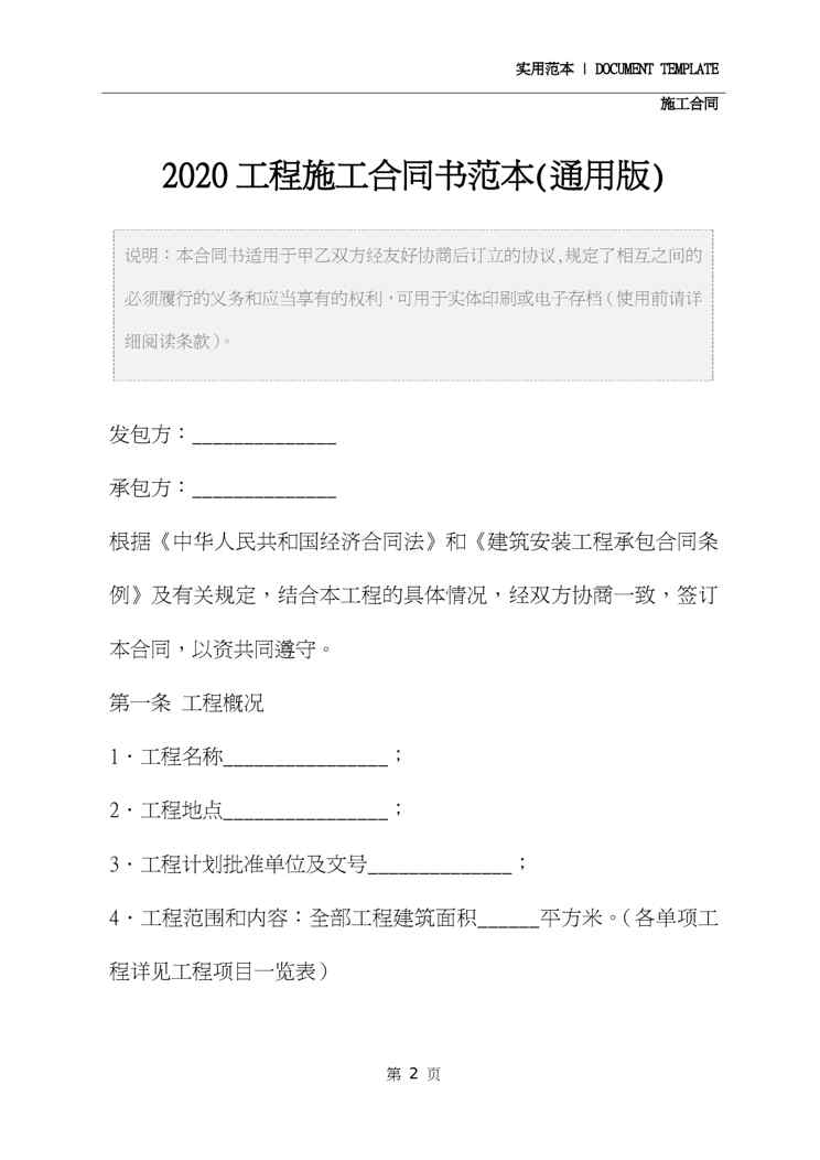 本站正式发布了《2020工程施工合同书范本(通用版)》文档,文档详细内容可下载阅读。 声明:本站所有文章,如无特殊说明或标注,均为本站原创发布。任何个人或组织,在未征得本站同意时,禁止复制、盗用、采集、发布本站内容到任何网站、书籍等各类媒体平台。如若本站内容侵犯了原著者的合法权益,可联系我们进行处理。
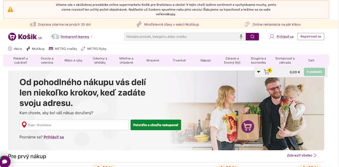 „Vítame vás v skúšobnej prevádzke online supermarketu Košík pre Bratislavu a okolie! V tejto chvíli ladíme sortiment a vychytávame muchy, preto vieme rozviezť len určitý počet objednávok. Našťastie už čoskoro spustíme našu plnú verziu! Ďakujeme za trpezlivosť a tešíme sa na vaše veľkonákupy,“ uvádza e-shop na svojom slovenskom webe.
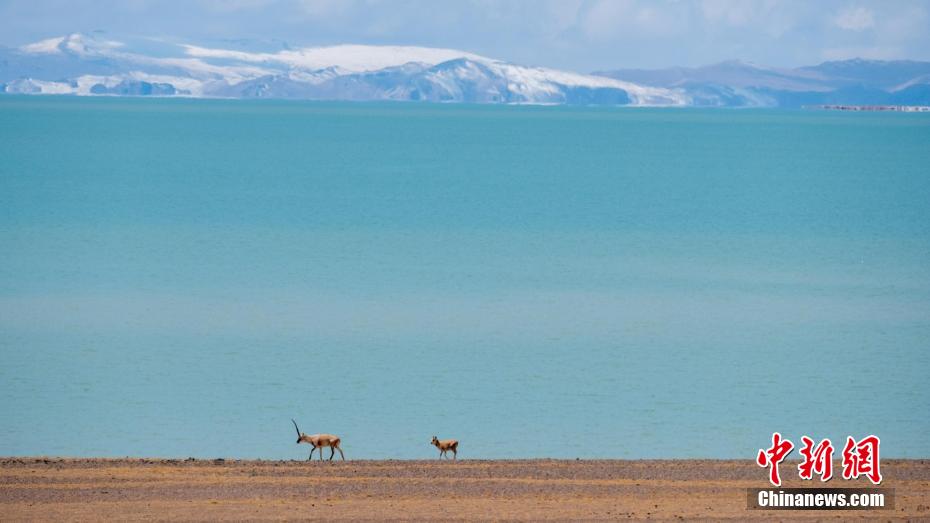 資料圖為(wei) 西藏色林錯湖畔的藏羚羊和遠處的雪山風光。江飛波 攝
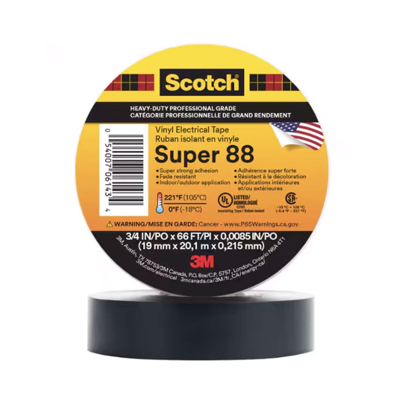 Ruban isolant en vinyle Super 88 ScotchMD de qualité professionnelle, noir, 19 mm x 20,1 m x 0,22 mm
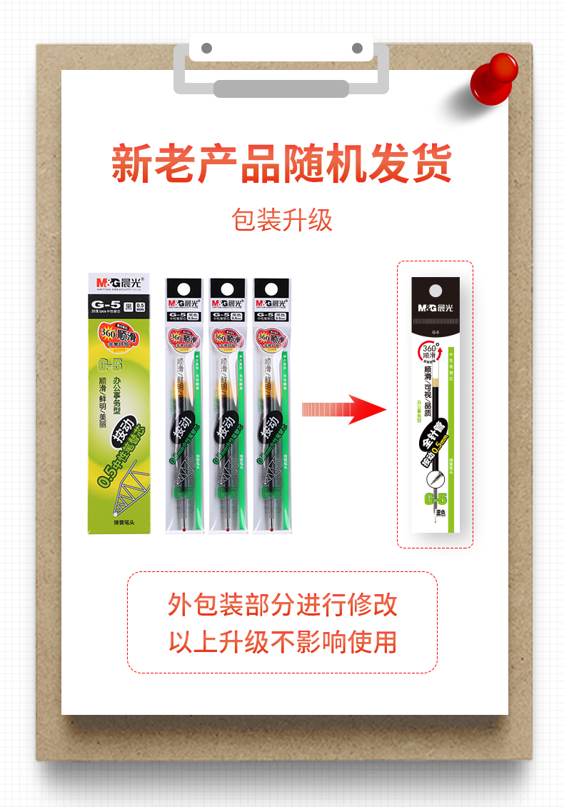 商品名稱:晨光G-5 中性筆芯 0.5mm按動(dòng)子彈頭簽字筆替芯 水筆芯 1008/K35/S01/S08適用 20支/盒
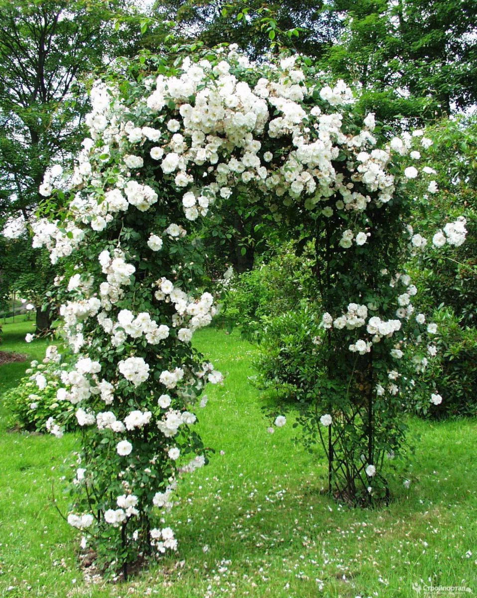 Открытый грунтОчень популярная вьющаяся роза с великолепными цветами. Цветки густомахровые (более 40 лепестков), кремово-белые, собраны в пышные соцветия, на фоне тёмно-зелёной, блестящей листвы выглядят особенно ярко. Аромат, исходящий от них, лёгкий и не навязчивый, приятный, фруктовый, с нотками цитрусовых. Цветение яркое и продолжительное, может длиться вплоть до самых заморозков. Она идеально подойдет для создания сада в романтическом стиле, ею отлично декорировать арки, а также использовать для букетов.

| What to work on |
Write out only the lines from the one that contains "商品名稱:晨光G-5 中性筆芯 0.5mm按動(dòng)子彈頭簽字筆替芯" through the last line of the records above, both included, word for word and without the pictures.

| Response |
 商品名稱:晨光G-5 中性筆芯 0.5mm按動(dòng)子彈頭簽字筆替芯 水筆芯 1008/K35/S01/S08適用 20支/盒
 Открытый грунтОчень популярная вьющаяся роза с великолепными цветами. Цветки густомахровые (более 40 лепестков), кремово-белые, собраны в пышные соцветия, на фоне тёмно-зелёной, блестящей листвы выглядят особенно ярко. Аромат, исходящий от них, лёгкий и не навязчивый, приятный, фруктовый, с нотками цитрусовых. Цветение яркое и продолжительное, может длиться вплоть до самых заморозков. Она идеально подойдет для создания сада в романтическом стиле, ею отлично декорировать арки, а также использовать для букетов.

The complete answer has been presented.